На губах Ансельма вновь мелькнула улыбка, и я в который раз подумал,
откуда пришел в Сен-Дени этот мальчишка? Латынь он знал превосходно, лучше
меня. Это еще можно объяснить, но Ансельм знал греческий, и, как я недавно
сумел узнать, арабский...
- Некая лисица шла ночью возле реки и увидела в оной реке отражение
луны. Увидив оное отражение, решила она, что это суть сыр...
Я вдруг сообразил, что за весь день Пьер ни разу не открывал книги.
Да, память у парня превосходная, и надо было здорово постараться, чтобы за
несколько лет ничему не выучить этого нормандского увальня. Пьер не был
лентяем - он искренне хотел закончить школу и стать священником где-нибудь
в деревне. Но до недавнего времени эта мечта была от него далека, как
стены Иерусалима.
- ...Стала оная лисица лакать воду. Мнила она, что выпьет реку, после
чего дно высохнет, и упомянутый сыр достанется ей...
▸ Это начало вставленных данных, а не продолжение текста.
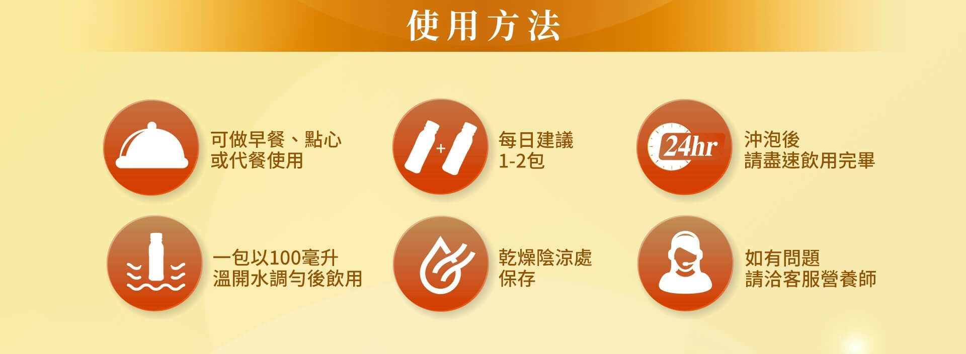 | 食用方式 | 每日1-2包,1包以100毫升溫開水調勻後飲用 |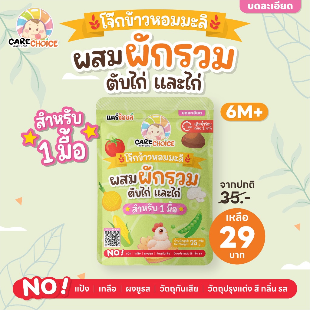 C316 แคร์ช้อยส์ โจ๊กกึ่งสำเร็จรูปเซ็ตจัมโบ้ 10 ซอง สำหรับเด็ก 6M+ ชนิดซอง 1 มื้อ (5 รสชาติx2)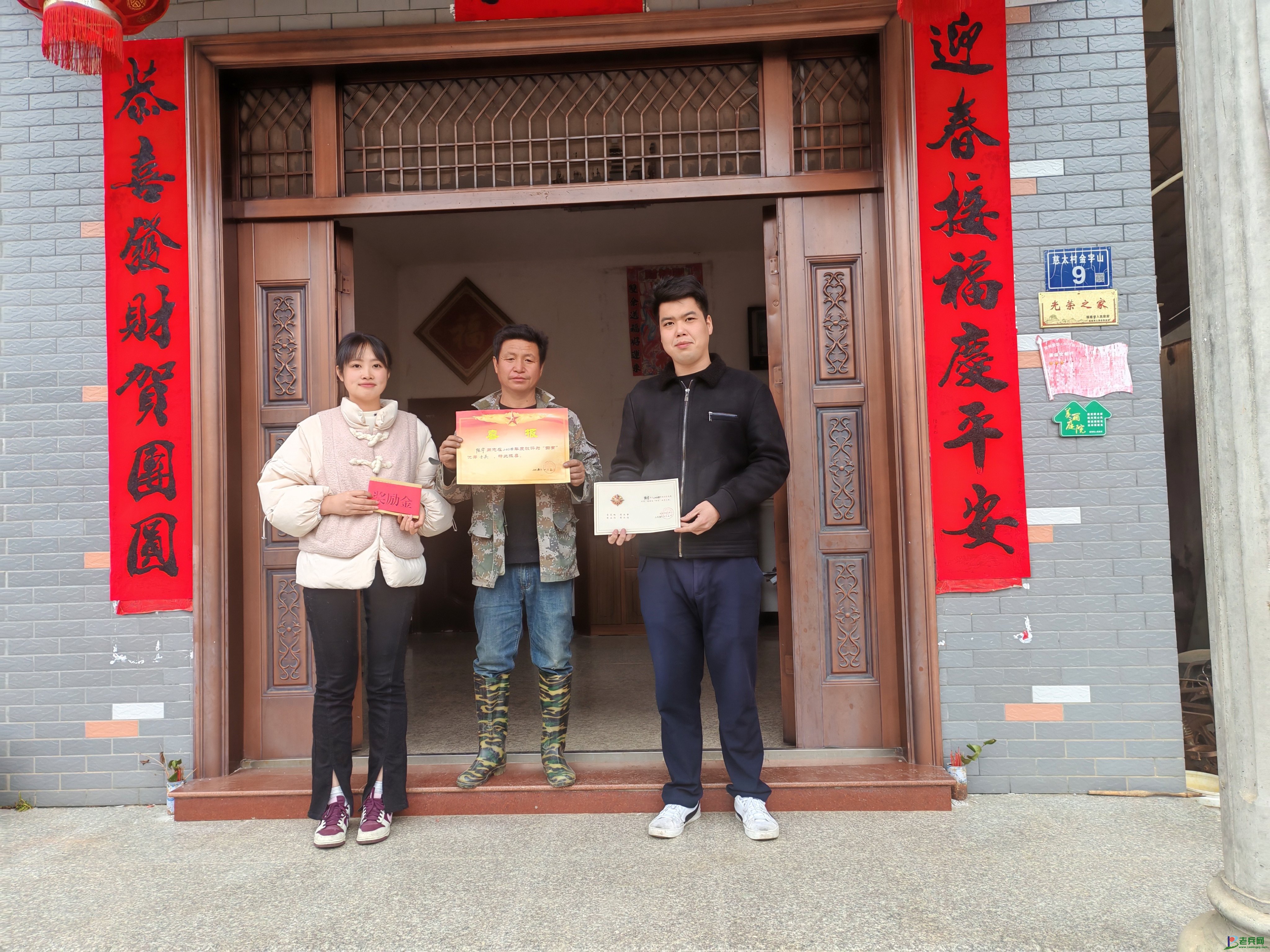 埔上镇为现役军人卢贤涛家庭送"四有"优秀士兵喜报

Между тем в котелке уже что-то начинало закипать. Я принюхался и
остался доволен - явно ужин нам обеспечен. Правда запах был несколько
необычен. Пахло чем-то незнакомым - не сельдереем и тем более не луком.
- ...Лакала оная лисица воду без перерыва, пока не захлебнулась...
Пьер довольно вздохнул, предчувствуя окончание пытки, и выпалил:
- А мораль этой басни такова: человек алчный рвется к наживе с таким
усилием, что сам себя раньше времени в темную могилу сводит!
Вслед за этой нравоучительной фразой на физиономии Пьера расцвела
совершенно неподходящая ухмылка. Я не выдержал и улыбнулся в ответ.
- А теперь пусть брат Ансельм рассказать, - окончательно расхрабрился
Пьер. - А то, отец Гильом, вы его басня учить не заставляете!
Не хотелось пояснять, что "Робертов Ромул" Ансельм читал лет в семь,
если не раньше, но наш сегодняшний повар тут же откликнулся.
- Басня "Человек, который молился".
Я почувствовал внезапное смятение. Дело не в том, что эту басню
обычно не рекомендуют читать ученикам. Поразил тон - Ансельм отозвался на
предложение Пьера как-то излишне серьезно.
- Один человек имел обычай приходить в церковь поздно, склонять
колени и молиться всегда одними и теми же словами: "Господи Боже, будь
милостив ко мне, и к жене моей, и к детям моим, а больше ни к кому"...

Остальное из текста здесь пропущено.